Flaw #1: The critical flaw is that you are not postulating an algebraic extension of $\mathbb{C}$. Thus in some sense the proof never begins. The statement that $\mathbb{C}$ is algebraically closed is the statement that if $K$ is an algebraic extension of $\mathbb{C}$, then $K=\mathbb{C}$. Thus you should begin the proof by supposing that $K$ is any algebraic extension of $\mathbb{C}$. This is not how you defined $K$. You introduced it as a Galois extension of $\mathbb{R}$ containing $\mathbb{C}$, which is guaranteed to exist by Dummit&Foote corollary 23. Thus when you prove things about $K$, you are not proving them about any algebraic extension of $\mathbb{C}$ but only about a specific one you have constructed in the proof.

To drive the point home, you don't even need corollary 23 to construct a finite Galois extension $K$ over $\mathbb{R}$ containing $\mathbb{C}$. $K=\mathbb{C}$ is already such an extension. So you could have replaced the sentence "$\mathbb{C}$ is contained in a finite Galois extension $K$ over $\mathbb{R}$" with the sentence "$K=\mathbb{C}$ is a finite Galois extension of $\mathbb{R}$" and the logical work of the sentence wouldn't really have changed. But then if afterwards you proved that $K=\mathbb{C}$, you wouldn't have proved anything at all.
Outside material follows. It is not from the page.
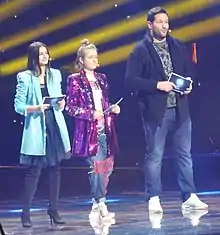 On 26 October 2018, it was announced that Eugene Perlin and Zinaida Kupriyanovich would be the main hosts of the contest, together with Helena Meraai in the green room.[9] Meraai is the fourth person under the age of sixteen to ever host the Junior Eurovision Song Contest, after Ioana Ivan in 2006, Dmytro Borodin in 2009 and Lizi Japaridze in 2017, and is also the second former participant to host an edition of the contest. Meraai previously represented Belarus in the 2017 contest, where she placed fifth with the song "I Am the One". Perlin is one of the main country's television presenters and was the Eurovision commentator between 2013 and 2019, whilst Kupriyanovich is a singer and artist who has participated in Belarus' national selections for the 2015 and 2016 Junior Eurovision Song Contests and latter represented the country at the 2019 adult contest. It was also announced that Denis Dudinsky and Anna Kviloria would host the opening ceremony.[10]

Flaw #2: It is the case that $p$-groups have subgroups of every order dividing the group order (I assume this is what you mean "all orders"), and that $p$-groups have normal subgroups of each of these orders as well, but it is not true that every subgroup of a $p$-group is normal, since nonabelian $p$-groups do exist. What is true is that for each order dividing the group order, there exist subgroups of that order, at at least one of them is normal.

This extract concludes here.